[What is being asked]: An exact copy of all the data is needed, with every picture left out.

[Data provided]:

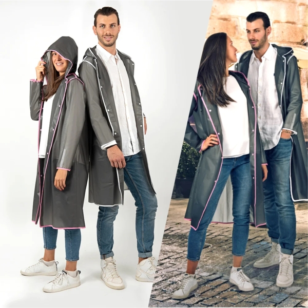 Водонепроникний тренч Perletti сірого кольору — ідеальний одяг для прогулянок у дощову погоду, екскурсій у гори або на природу. Дощовик легкий, має контрастну окантовку та забезпечує надійний захист від вологи. Це чудова альтернатива парасольці.
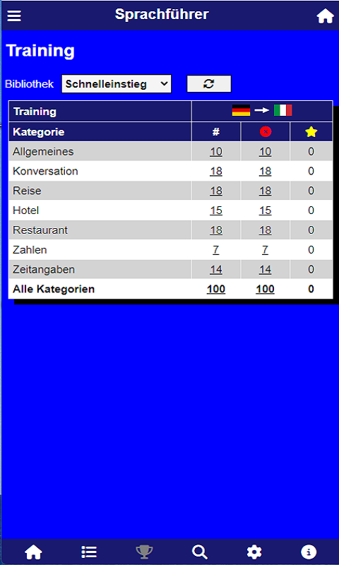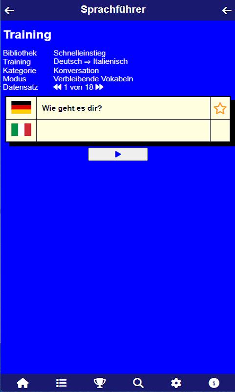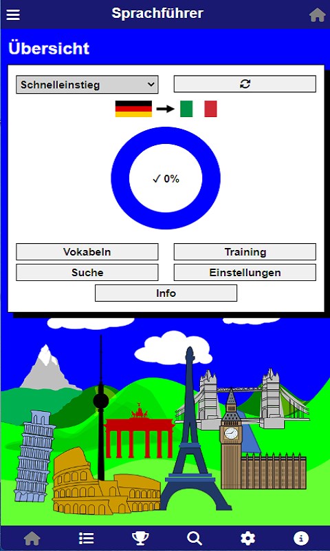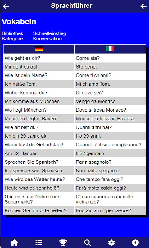 Phrasebook for different languages: German, English, French, Spanish, Italian, Swedish, Dutch, Polish Selection of home language and target language Selection of different language libraries: quick start (100 words), phrasebook (500 words), basic vocabulary (1500 words)Two different learning modes: vocabulary (table view) and training (individual query)Results are saved locally on the deviceOffline mode is supported
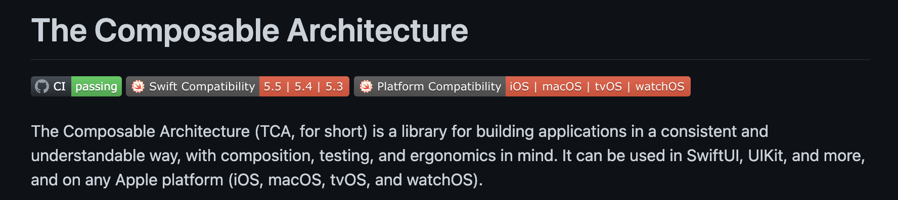 The Composable Architecture, 는 구성, 테스팅, 인체공학적으로 일관성있고 이해가능한 방식의 어플리케이션 빌딩을 도와주는 라이브러리입니다. TCA는 iOS, macOS, tvOS, watchOS 등의 다양한 플랫폼에서 SwiftUI, UIKit 등을 활용하여 사용할 수 있습니다.

[Solution to the exercise]:
 Водонепроникний тренч Perletti сірого кольору — ідеальний одяг для прогулянок у дощову погоду, екскурсій у гори або на природу. Дощовик легкий, має контрастну окантовку та забезпечує надійний захист від вологи. Це чудова альтернатива парасольці.
 Phrasebook for different languages: German, English, French, Spanish, Italian, Swedish, Dutch, Polish Selection of home language and target language Selection of different language libraries: quick start (100 words), phrasebook (500 words), basic vocabulary (1500 words)Two different learning modes: vocabulary (table view) and training (individual query)Results are saved locally on the deviceOffline mode is supported
 The Composable Architecture, 는 구성, 테스팅, 인체공학적으로 일관성있고 이해가능한 방식의 어플리케이션 빌딩을 도와주는 라이브러리입니다. TCA는 iOS, macOS, tvOS, watchOS 등의 다양한 플랫폼에서 SwiftUI, UIKit 등을 활용하여 사용할 수 있습니다.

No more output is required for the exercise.